Woman who sold testing kits to NHS Scotland during pandemic successfully counterclaims for bonuses due from employer

Woman who sold testing kits to NHS Scotland during pandemic successfully counterclaims for bonuses due from employer

Lord Tyre

A commercial judge has awarded a former sales representative for a company that sold testing kits a payment of over £245,000 for bonuses accrued over the early stages of the Covid-19 pandemic.

An action was raised by Mast Group Ltd seeking declarator that its employee Patricia Chalmers was not entitled to bonuses she claimed were due for sales between July and October 2020. The defender counterclaimed for those bonuses.

The case was heard by Lord Tyre in the Outer House of the Court of Session. Reid, advocate, appeared for the pursuer and McGuire, advocate, for the defender.

Higher sales

The defender was employed by the pursuer between November 2014 and July 2021 as a technical sales representative and later account manager for a territorial area covering Scotland and the north of England. In addition to her fixed salary, she was entitled to bonuses of up to 5% of the value of additional sales beyond a personal year-end sales target.

At the outset of the pandemic in March 2020, the pursuer received orders from NHS Scotland for the supply of a large number of diagnostic machines and testing kits. As a result, their sales within the defender’s territory were far higher than in previous periods. The company took the decision to remove sales of certain equipment from the calculations from the geographic territories and instead assigned them to the head office account but for technical reasons this change was not fully completed until February 2021.

On 1 May 2020, the defender was informed that the bonus she had claimed for Q3 of financial year 2019-20 would not be paid, and that a new bonus scheme would be applied to Q3 and Q4 because the previous scheme “wasn’t designed to cover this set of circumstances”. The pursuer sought declarators from the court that the term “sales” and related terms in the original bonus scheme only related to products the company was selling as of October 2019 and did not extend to the distribution of Covid-19 testing kits.

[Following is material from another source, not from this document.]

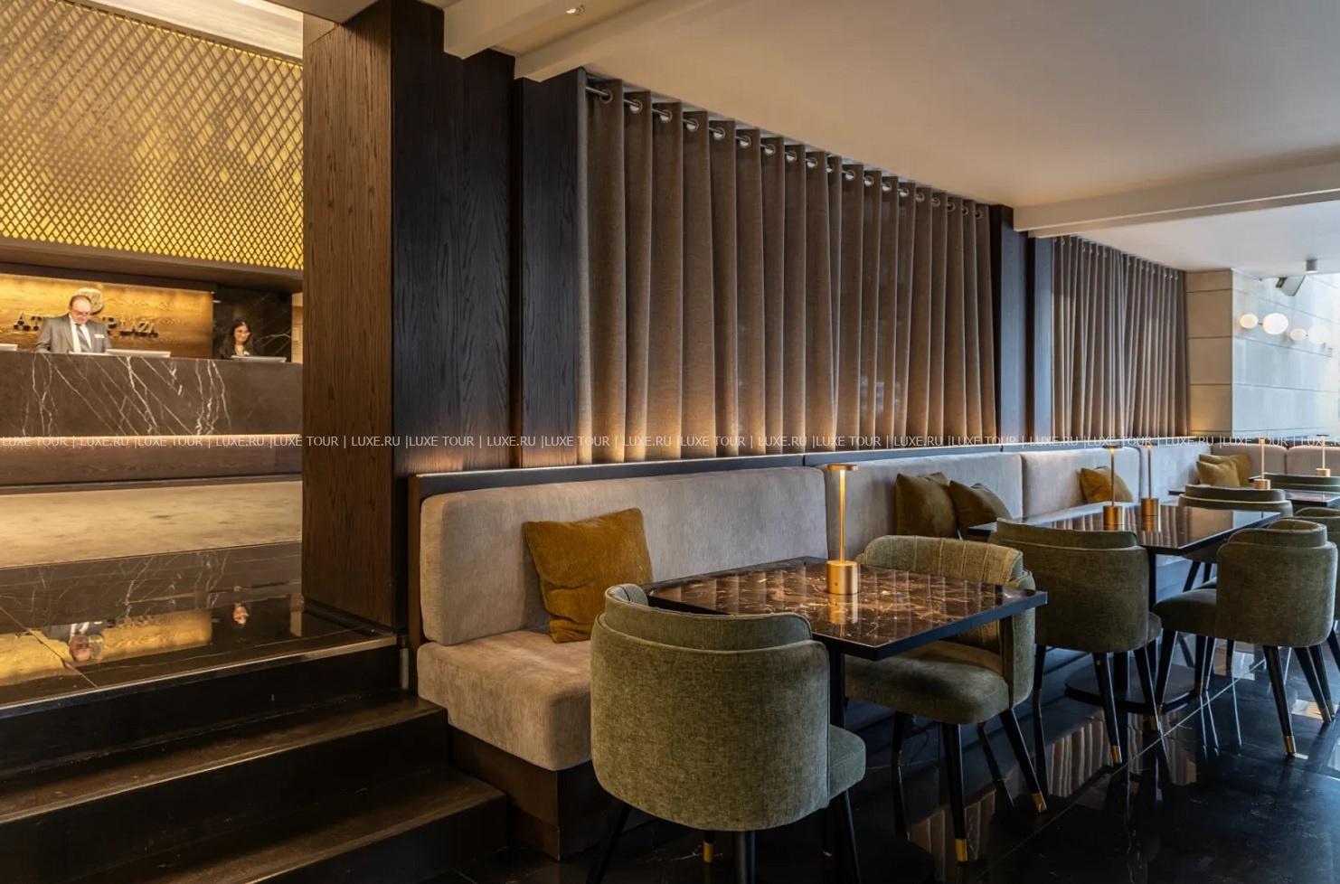 • В уютном лобби-кафе Plaza с летней террасой в течение дня можно перекусить, выпить чашечку кофе с десертами и отдохнуть за коктейлем или бокалом вина.

Counsel for the pursuer submitted that, properly construed, the references to “sales” and “achieved” in the bonus scheme fell to be construed as references to instances where a customer had chosen to purchase a product as a result of the account manager’s efforts. Sales of the testing equipment had been achieved in a different manner due to the unforeseen circumstances arising from a global pandemic.

It was the defender’s evidence that she had been a practical participant in the sale of equipment and kits made by Korean company Seegene to NHS Scotland. In any event, there was no evidential foundation for the pursuer’s construction of the bonus scheme, and there was clear evidence that she had played a role in persuading NHS Scotland to purchase Seegene products for use in relation to Covid.

Objective calculation

In his decision, Lord Tyre said of the bonus scheme’s construction: “I reject the pursuer’s proposition that the expression ‘achieved sales’ and similar expressions are to be construed as restricting the account manager’s bonus entitlement to circumstances in which his or her efforts have led directly to a sale. There was no evidence of any process of enquiry ever having been carried out by the company, in the context of bonus entitlement, as to how or by consequence of whose efforts a sale in a territory had been achieved; Ms Chalmers’ evidence, which I accept, was that there never was such enquiry.”

Examining the defender’s role in achieving sales, he noted: “A key aspect of the company’s success in obtaining the Covid business from NHS Scotland was the fact that a testing machine was in situ at Edinburgh Royal Infirmary at the time of the outbreak. That was, at least in part, due to the previous sales efforts of Ms Chalmers in relation to use of the machine for HPV testing, including the maintenance of relationships with virologists who were opinion leaders as regards the utility of the company’s products.”

He added: “Although the machine supplied to NHS Scotland was being used for a particular purpose, it was a known feature of the machine that it could be used for different types of diagnostic testing. There was nothing intrinsically novel about its use in connection with the Covid virus: it simply required a different and newly-developed test kit.”

Lord Tyre concluded: “Properly construed, the parties’ agreement provides for a bonus entitlement calculated on an arithmetic basis. That was the way equivalent contracts had been operated in previous years. With the exception of the bonus target set by the sales director, each of the elements of the calculation was objectively derived from actual sales figures for the territory in question and required no judgement of the value or extent of the account manager’s contribution. For reasons already stated, a contrary interpretation would lack commercial common sense.”

The pursuer’s pleas were therefore repelled, with Lord Tyre granting decree for payment by the pursuer to the defender of the sum of £245,274.75.